Joe Kuzminsky

Personal information
- Date of birth: January 26, 1994 (age 31)
- Place of birth: Denver, Colorado, United States
- Height: 6 ft 4 in (1.93 m)
- Position: Goalkeeper

Youth career
- Colorado Rapids

College career
- Years: Team / Apps / (Gls)
- 2012–2016: UAB Blazers / 50 / (0)

Senior career*
- Years: Team / Apps / (Gls)
- 2014: Real Colorado Foxes / 0 / (0)
- 2017–2022: Charleston Battery / 99 / (1)
- 2020: → Maccabi Haifa (loan) / 0 / (0)
- 2023: Colorado Springs Switchbacks / 8 / (0)

= Joe Kuzminsky =

American soccer player

Joe Kuzminsky (born January 26, 1994) is an American former professional soccer player who played as a goalkeeper.

==Career==
Kuzminsky played five years of college soccer at the University of Alabama at Birmingham between 2012 and 2016, including a red-shirted year in 2012.

Kuzminsky also played with USL PDL side Real Colorado Foxes in 2014.

Kuzminsky signed with USL Championship club Charleston Battery on March 21, 2017.

In January 2020, Kuzminsky was sent on a season-long loan to Maccabi Haifa of the Israeli Premier League.

Kuzminsky entered the 2022 season as the longest-tenured player on the Battery, his sixth year with the team.
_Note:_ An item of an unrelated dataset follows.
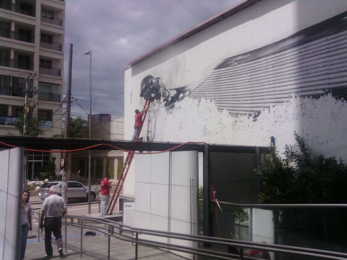 Obra de arte foi removida com jatos de água no Sesc Pinheiros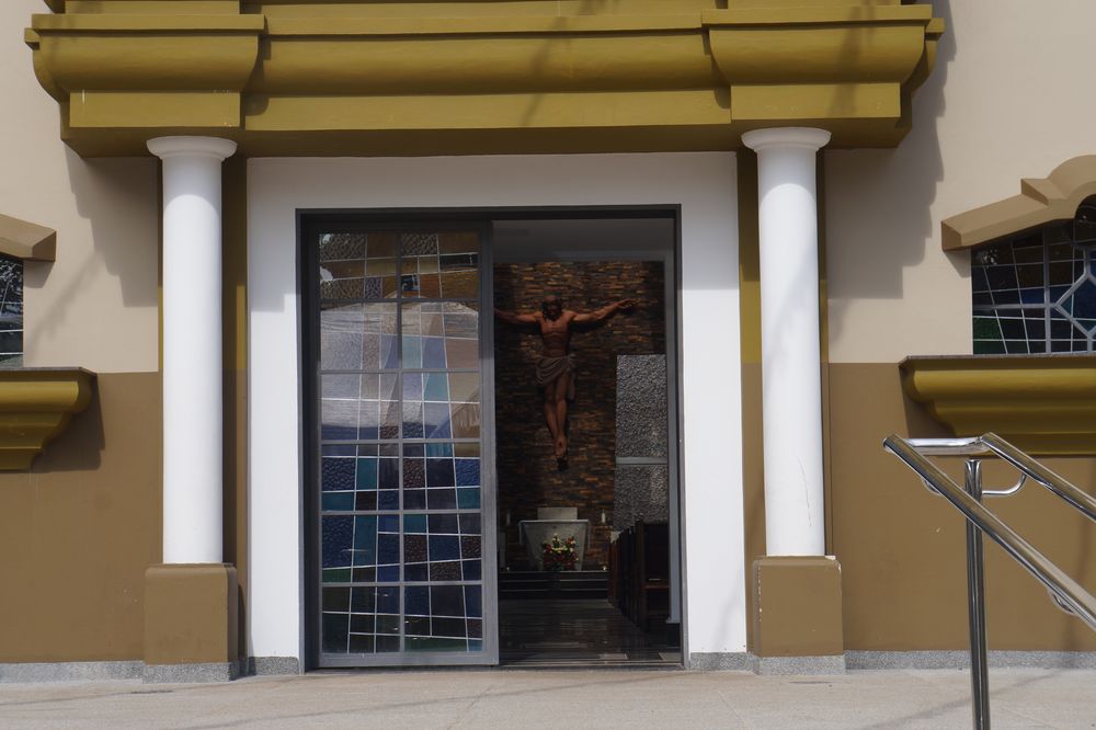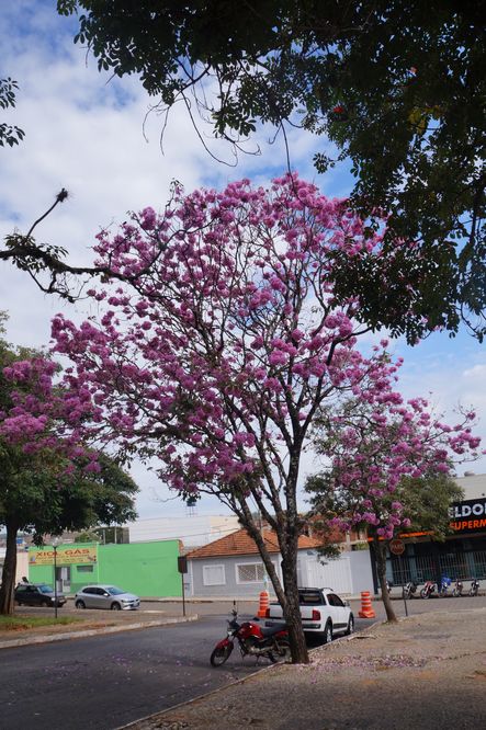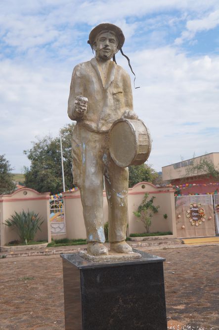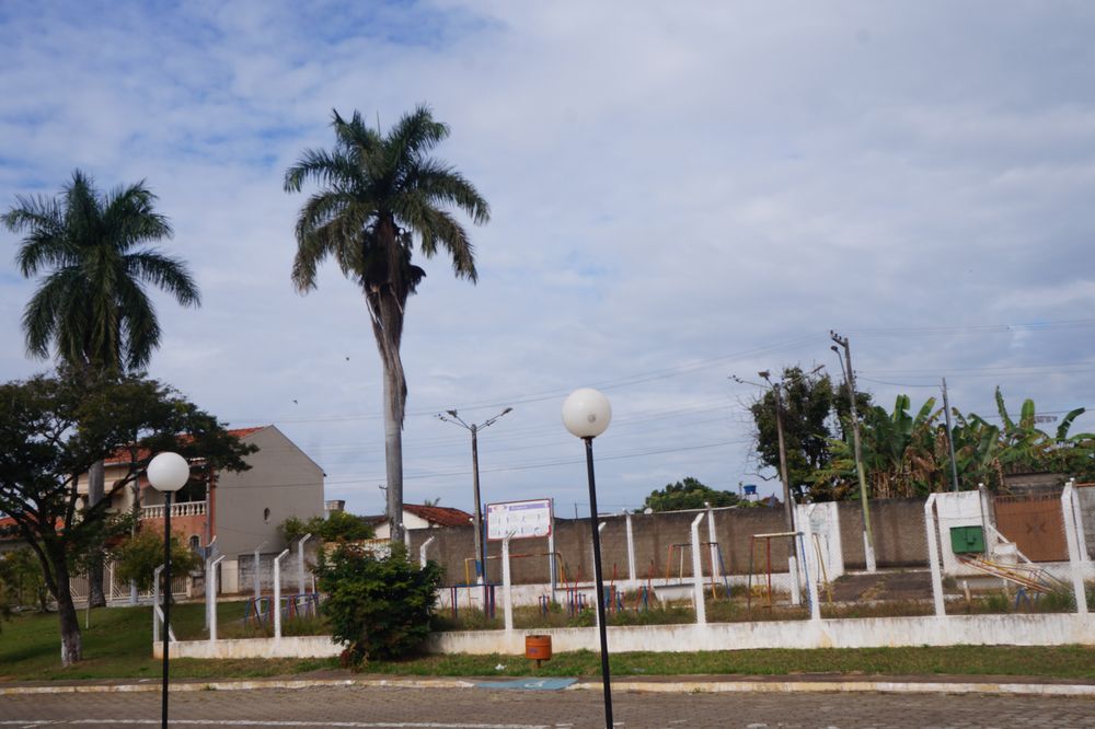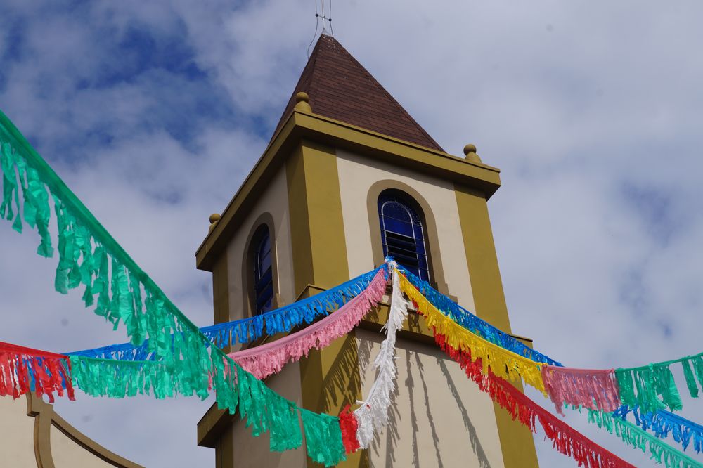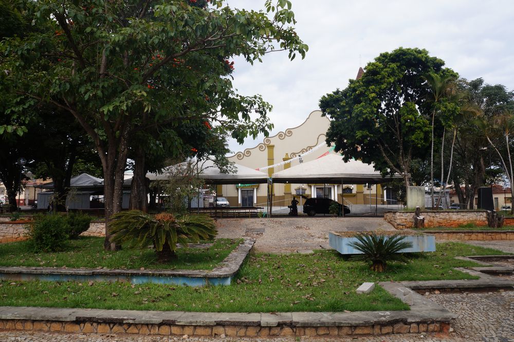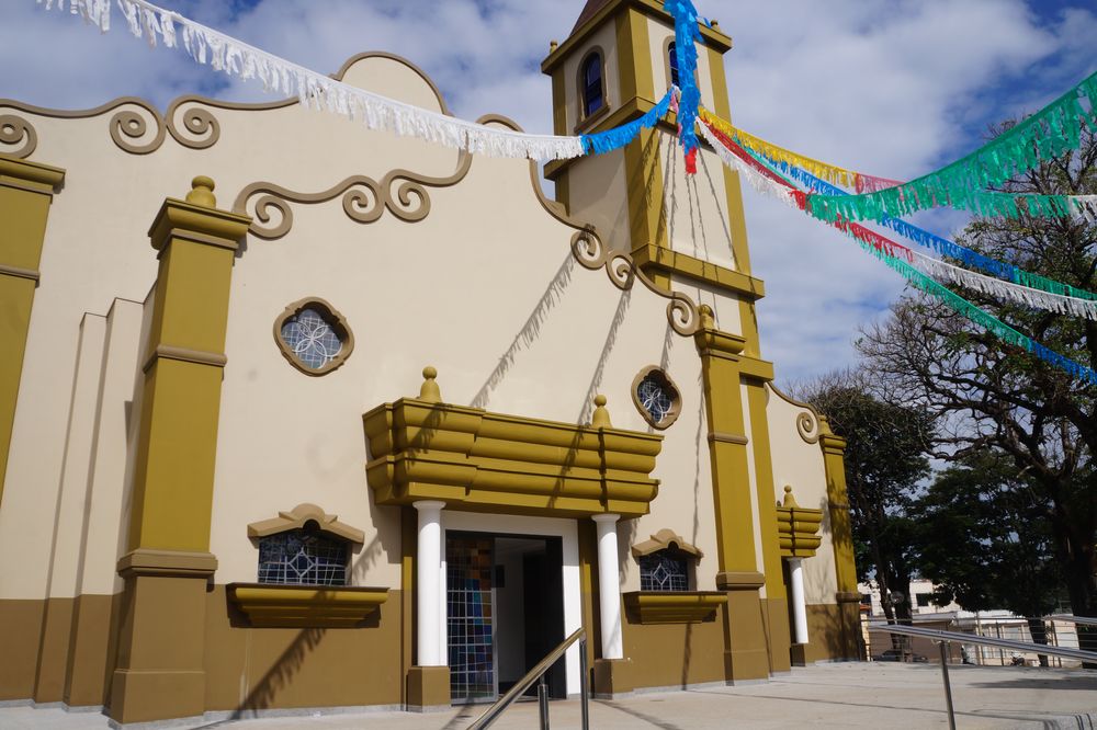 Confira nas fotos a estátua do Congadeiro e ao fundo CEMEI Dona Nem no Arraiá, Praça do Congo com coreto, capela e barracão, Ypê Roxo florido na Praça Monsenhor Ernesto Cavichiolli, Igreja Matriz Santa Teresinha do Menino Jesus enfeitada para o Arraiá da Teresinha, Prefeitura Municipal, Câmara Municipal e Pronto Socorro.

He played his 100th overall game for the club on April 23, 2022, against Louisville City FC, a 1–1 draw at home. Kuzminsky also scored the fire goal of his career during the 2022 season, finding the back of the net in stoppage time against Loudoun United FC in a successful last-ditch effort to earn a 1–1 draw at the death. Following the 2022 season, Kuzminsky was released by Charleston.

On December 9, 2022, it was announced that Kuzminsky would join USL Championship side Colorado Springs Switchbacks for their 2023 season.